Gohar
World
force
l’admiration

Nadia et Laila Gohar interprètent avec surréalisme tabliers, gants à vaisselle et autres articles ménagers... Alors qui de mieux pour promouvoir leurs produits domestiques que deux pros du culturisme?

  • Texte: Chris Gayomali

Le temps est glacial en ce matin de novembre à Manhattan. Dehors, tout n’est que grisaille et expressions sévères, mais à l’intérieur de l’univers de Gohar World – ou du moins, dans le studio du centre-ville où les sœurs Laila et Nadia Gohar transfigurent leurs rêves les plus déments en réalité – règne une impression de perfection. La gamme fantaisiste de nappes cousues à la main? Chic. Les ustensiles en nacre délicatement sculptés à la main par un collectif d’artisan·es vietnamien·nes? Iridescents. Et les culturistes professionnels? Lubrifiés, et positivement affamés.

Maxx Charles et JB portent des gants, des colliers, et des tabliers par Gohar World. Sur l’image du haut: Maxx étrenne le sac Baguette par Gohar World.
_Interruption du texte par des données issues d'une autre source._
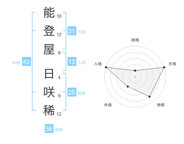 能登屋 日咲稀さんを姓名の画数から五運を鑑定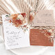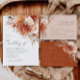 Boho Terracotta Dahlia Floral Élégant Faire-part de mariage Simple. Bouquet de style bohème invitation minimaliste avec fleurs brûlées orange et botaniques en aquarelle imprimée à la main. Veuillez modifier le verso de l'invitation avec votre photo. La couleur arrière - plan de la terre est magnifique pour les mariages rustiques en terre cuite et les mariages de dahlia. Invitations modifiables pour les mariages du printemps, de l'été, de l'automne et de l'hiver.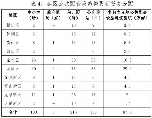 “十三五”期间争取在城市更新单元规划阶段新增一批公共配套设施,其中规划批准中小学不少于100所,综合医院不少于8家,幼儿国不少于215所,公交场站不少于133个,非独立占地的公共配套设施建筑面积不低于87万平方米。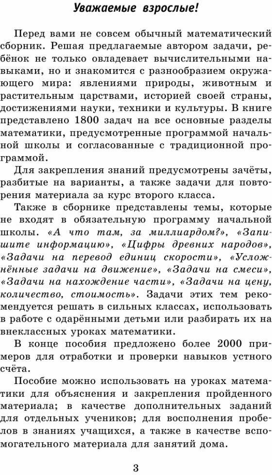 В книге представлены 3000 задач и примеров на все основные разделы математики, предусмотренные программой начальной школы.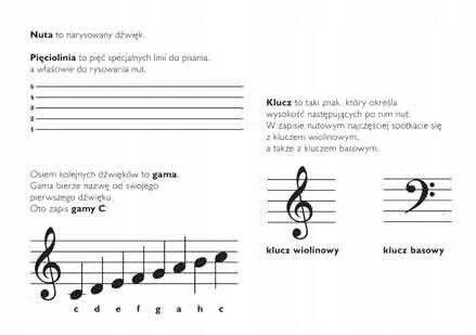 Zeszyt ze specjalnie poszerzoną pięciolinią, idealny dla przedszkolaków i uczniów klas młodszych. Na wewnętrznych stronach okładki w sposób przystępny przekazane zostały informacje o nutach, o sposobie ich zapisywania, długości i wysokości dźwięku.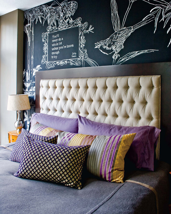 У вас появилось желание изменить интерьер спальни? Вы хотите в ней что-то переделать или украсить, но ваш бюджет не предусматривает затраты на воплощение ваших замыслов? Тогда представляем вашему вниманию несколько интересных и недорогих способов для декорирования вашей спальни. Узоры и рисунки на стенах нередко можно увидеть в журналах о современном дизайне интерьеров или помещениях, над оформлением которых работали профессиональные дизайнеры, услуги которых вам не по карману. Не спешите огорчаться, ведь на самом деле, похожие рисунки вы можете сделать самостоятельно, используя специальные трафареты. Их можно сделать из пергаментной бумаги собственноручно, либо же приобрести уже готовые в специальных магазинах. Таким же образом можно декорировать и мебель, особенно с однотонной поверхностью. Вас раздражает висящее на стене «голое» зеркало? Так почему бы не одеть его в нарисованную рамку-обманку? Во-первых, вы сэкономите на изготовлении или покупке настоящей рамки, а во-вторых, такая р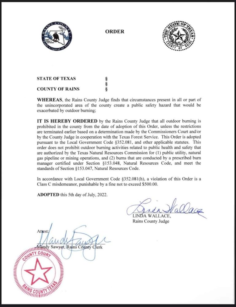 30 counties issue burn bans as state swelters The Arkansas Democrat Rains County Burn Ban The nacogdoches county commissioners court voted in favor of enacting a county burn ban in their special meeting on july 1. In texas, local governments are empowered to take action on the behalf of those they serve. this morning, april 14, 2022, the county commissioners voted to lift the burn ban on rains county. in east texas, there. Rains County Burn Ban.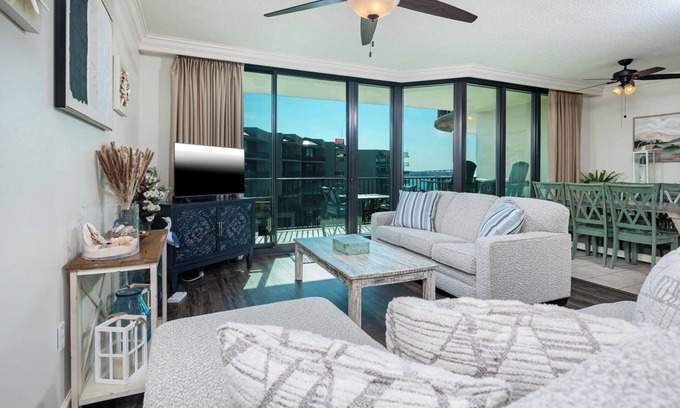 Interior: With floor-to-ceiling windows in the living and dining areas, carpet and tile flooring, and ample comfortable seating including a queen sleeper sofa, you'll feel right at home as you soak in the stunning views of the bay, lazy river, and beautifully landscaped green space.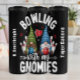 Este gráfico branco apresenta dois gnomos encantadores, cada um segurando uma bola de boliche, com pinos de boliche atrás deles. A design inclui o texto lúdico "BOLICHES com meus GNOMIES" e pequenos corações e estrelas, criando uma ilustração divertida e amigável perfeita para uma reunião social.
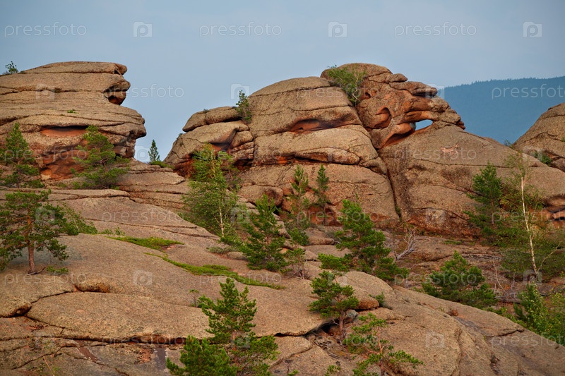 Восточный Казахстан. Живописный вид на каменные останцы горного природного парка Баянаул, расположенного посреди бескрайних степей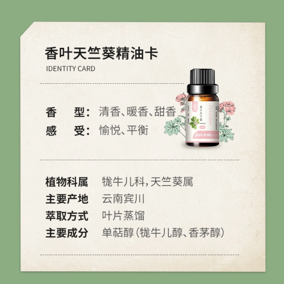 “平衡大师”香叶天竺葵,多分子组合令其气味美丽又多层次,浓郁的花香和些许清凉甜美的类似玫瑰花的味道,有着闻香即放松的力量。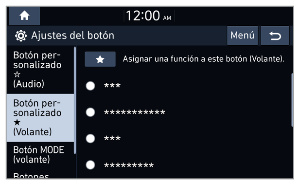 En la pantalla de inicio, pulse Todos los menús > Ajustes > Botón y seleccione la opción que desee modificar.
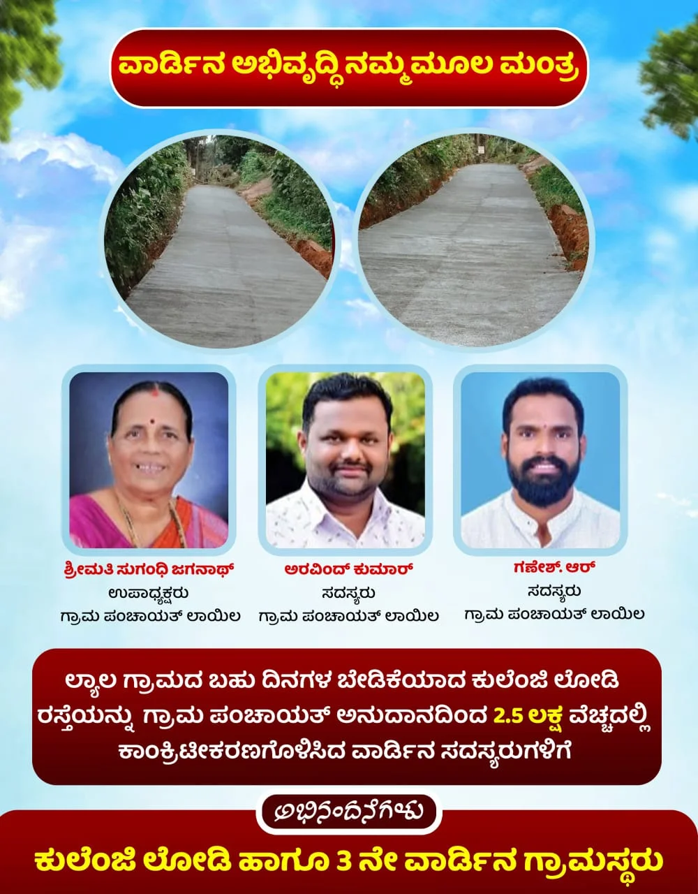 ಲಾಯಿಲ ಗ್ರಾಮದ ಬಹುಬೇಡಿಕೆಯ ವಿಮುಕ್ತಿ ವಿಶೇಷ ಶಾಲೆ ಹಾಗೂ ಪಿಲಿ ಪಂಜರ ದೈವಸ್ಥಾನ ಸಂಪರ್ಕಿಸುವ ರಸ್ತೆಯು ಲಾಯಿಲ ಗ್ರಾಮ ಪಂಚಾಯತಿಯ ಸದಸ್ಯರಾದ ಸುಗಂಧಿ ಜಗನ್ನಾಥ್, ಅರವಿಂದ್ ಲಾಯಿಲ, ಹಾಗೂ ಗಣೇಶ್ ಲಾಯಿಲ ಇವರ 2.50 ಲಕ್ಷ ಅನುದಾನದಲ್ಲಿ ಕಾಂಕ್ರೀಟೀಕರಣಗೊಂಡಿದೆ.

Les modèles engagés pour la séance photo, Maxx Charles et JB, se sont levés avant l’aube pour faire une petite séance d’entrainement au Bev Francis Powerhouse Gym de Long Island (leur deuxième chez-soi) avant de sauter dans le train qui allait les mener en ville après un trajet de deux heures. Par conséquent, ils ont négligé de déjeuner. Mais il n’y a aucune inquiétude à avoir, car ce sont des professionnels qui maitrisent l’art moderne de se présenter sous le meilleur angle. Mais JB, le plus jeune des deux, dont les biceps semblent avoir leurs propres biceps, s’entraine encore plus fort que d’habitude ces derniers temps en vue d’une compétition qui aura lieu dans quelques semaines, et ses réserves d’énergie sont dangereusement basses. Son corps exige des calories – et vite.
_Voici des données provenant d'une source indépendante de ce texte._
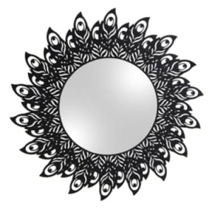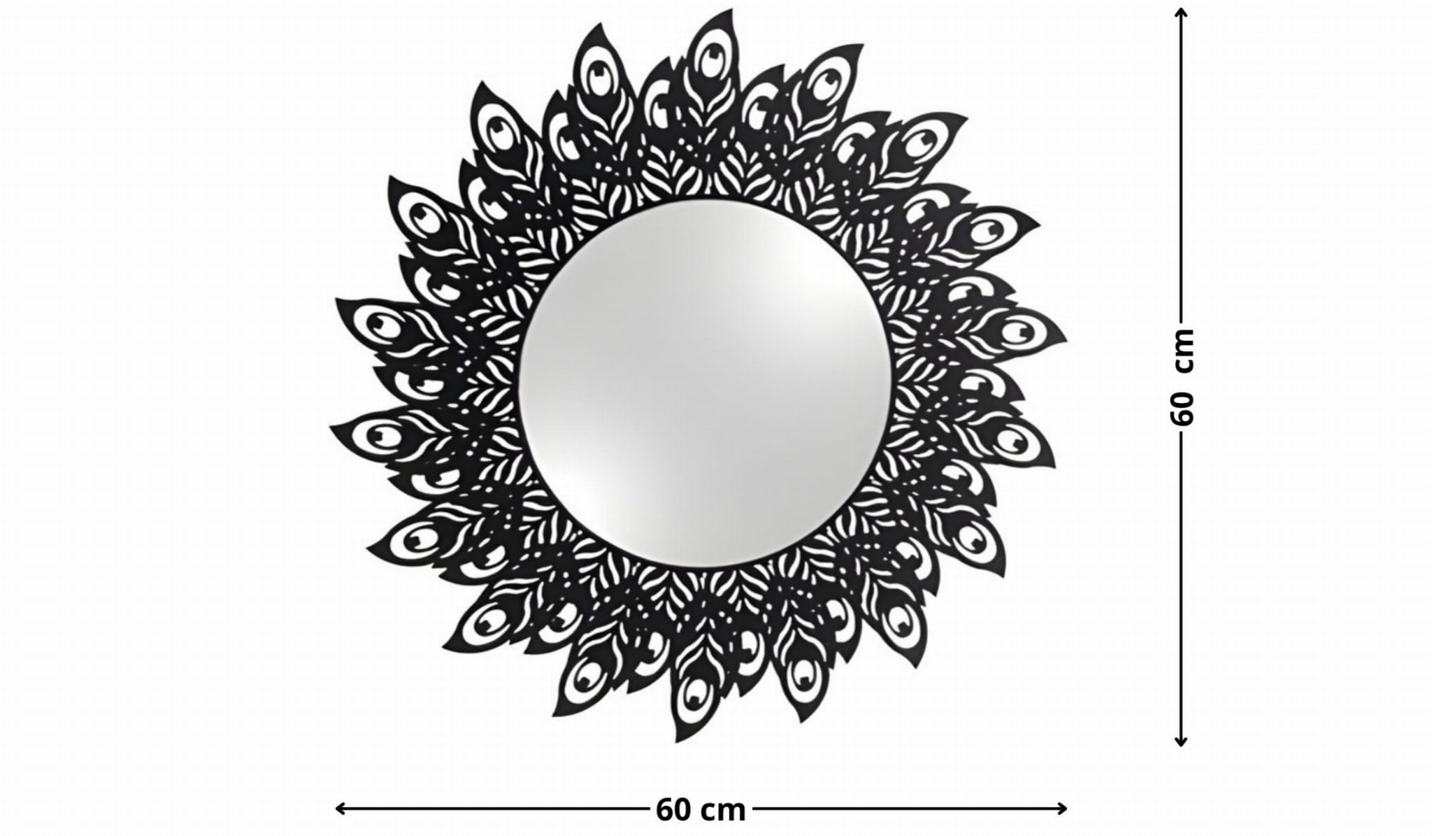 Lustro PEACOCK FEATHERS to połączenie dekoracyjnej formy z funkcjonalnością. Ażurowy motyw inspirowany piórami pawia tworzy efektowną ramę metalową w kolorze czarnym, a centralna tafla o średnicy 30 cm pięknie odbija światło. To lustro okrągłe 60 cm, które działa jak biżuteria ścienna – podkreśla charakter wnętrza i wizualnie je powiększa.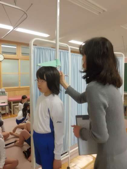 身体計測をしました。4年生のときより身長が伸びていて,みんな喜んでいました。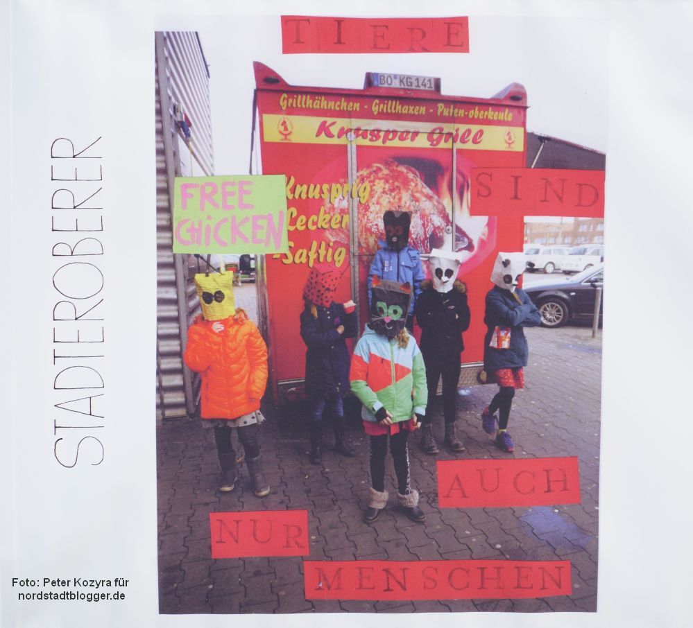 Mit diesen spazierte sie im Anschluss maskiert durch die Stadt. Dabei eroberten sich die Kinder ihre Umwelt aus der Sicht der Tiere. „Es ergaben sich viele spontane und witzige Momente, wie der, als die Kinder plötzlich vor einem Grillhähnchenstand für die Rechte von Hühnern demonstrierten.“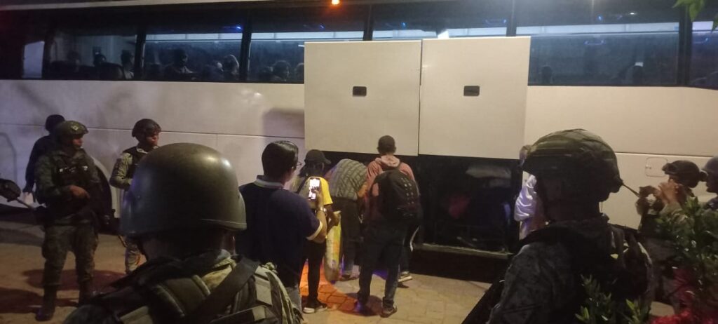 Personal del Instituto Nacional de Migración (INM) arribó al lugar para efectuar el traslado de las y los 67 migrantes rescatados.

Le duo est sur place pour mettre en valeur une gamme d’articles ménagers tirée du monde cinématographique de Gohar World. Des tabliers argentés confectionnés en siloxane polyvinyle. Des gants à vaisselle en caoutchouc rehaussés d’une garniture en dentelle renaissance. Un sac pour baguette particulièrement – cruellement, même – tentant, qui contient un pain frais de la boulangerie Frenchette Bakery. JB, quoiqu’il remarque la présence de glucides, persévère et continue de prendre bravement la pose.
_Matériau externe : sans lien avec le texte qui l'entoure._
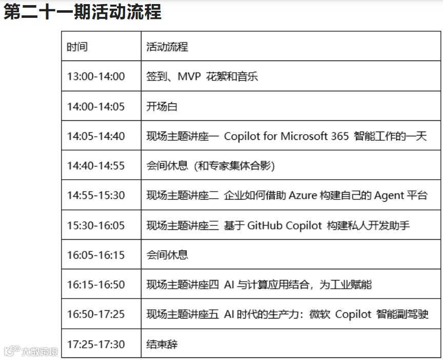 今年5月份Global Season of AI 2024(Beijing)首季体验营,请您来到微软(中国)总部,与微软原厂专家和微软 MVP 一起了解 AOAI 的最新进展,并动手尝试 Azure OpenAI 服务!同样,我们将在11月2日开启新的Season of AI,在本季更多的话题将体现你的完美Copilot支持上,不管是GitHub Copilot和Copilot Studio这样优秀的只能工具,还是Microsoft Fabric的Copilot和Microsoft 365 Copilot,以及Azure上构建自定义的Copilot等话题都有涉及。希望本次活动能够成为您在人工智能领域学术交流和技术应用中的重要一步,给您带来无尽收获。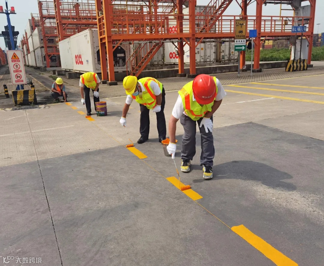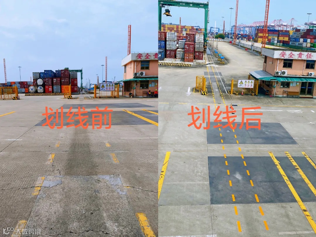 此次划线工作严格按照道路划线标准执行,包括原料稀释剂与漆料的配比度、标线的厚度与宽度等关键指标均达到要求。划出的黄色实线条线型清晰流畅、线条饱满均匀,不仅美化了港区环境,更为龙门吊的精准定位与快速作业提供了有力保障。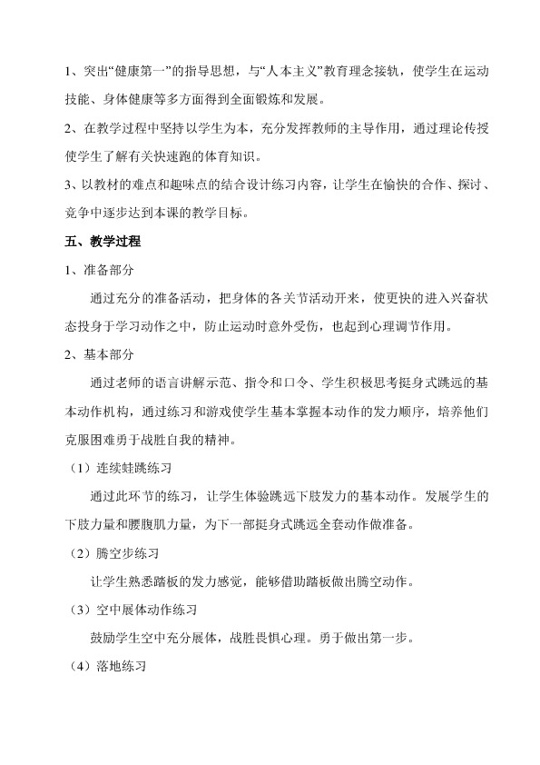 通过老师的语言讲解示范、指令和口令、学生积极思考挺身式跳远的基本动作机构,通过练习和游戏使学生基本掌握本动作的发力顺序,培养他们克服困难勇于战胜自我的精神。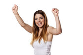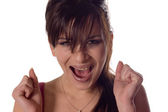 Piękna młoda kobieta, zaciskając pięści, stojąc nad białym tle.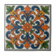 Bring vibrant energy to your space with this eye-catching decorative tile. Bold cobalt blue scrolls and rich orange foliage intricately intertwine around a cheerful central flower, accented by fresh green leaves and bright yellow corner blossoms. Framed by a slim blue border, this tile is perfect for adding a lively and artistic touch to any interior. This piece features a symmetrical, medallion-like design, where graceful cobalt blue scrolls meet with vibrant orange acanthus leaves, all centred around a delightful orange bloom. Lush green leaves in the outer corners and cheerful yellow flowers add a refreshing natural element. Reminiscent of classic Italian or Spanish hand-painted ceramics, this tile is ideal for creating stunning backsplashes, unique accent walls, or adding a touch of natural beauty to your kitchen, bathroom, or living area. This versatile tile is an excellent choice for adding personality, a Mediterranean flair, and a lively pop of colour to any design scheme, whether for a full wall, a creative border, or as an individual artistic accent.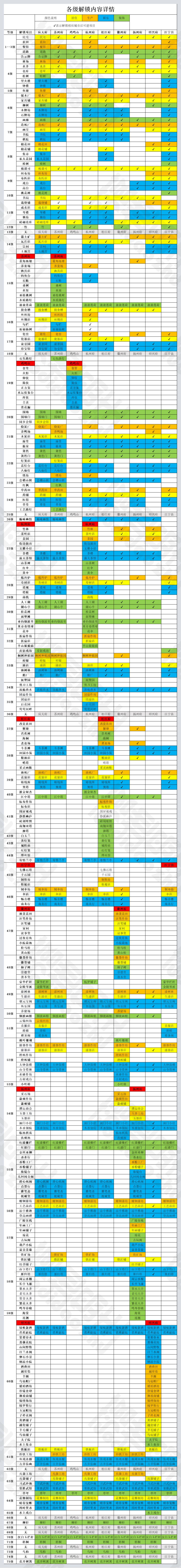 下图的表格把所有的解锁项目,都列了出来。老字号建筑解锁等级可能不准,数据庞大统计若有失误,欢迎大家指正。

Maxx Charles et Laila Gohar.

Les créations des sœurs Gohar ont quelque chose de comique, de quasi surréaliste: c’est du dadaïsme miniature. Comme la plupart des artistes, les Gohar n’aiment pas trop s’étendre sur leurs sources d’inspiration ni expliquer leur pratique en long et en large, tout particulièrement en ce qui concerne leurs bougies conçues pour ressembler à du poulet frit. Leur travail est ce qu’il est. Mais il fascine par la façon dont il conjugue allègrement l’absurdité du luxe et le souci du détail propre à l’artisanat. À cet égard, les créations signées Gohar World reflètent de façon prismatique les femmes qui en sont à l’origine: discrètes, méticuleuses et drôles en même temps, à l’aise avec les contradictions, et particulièrement avec l’espièglerie qui en découle.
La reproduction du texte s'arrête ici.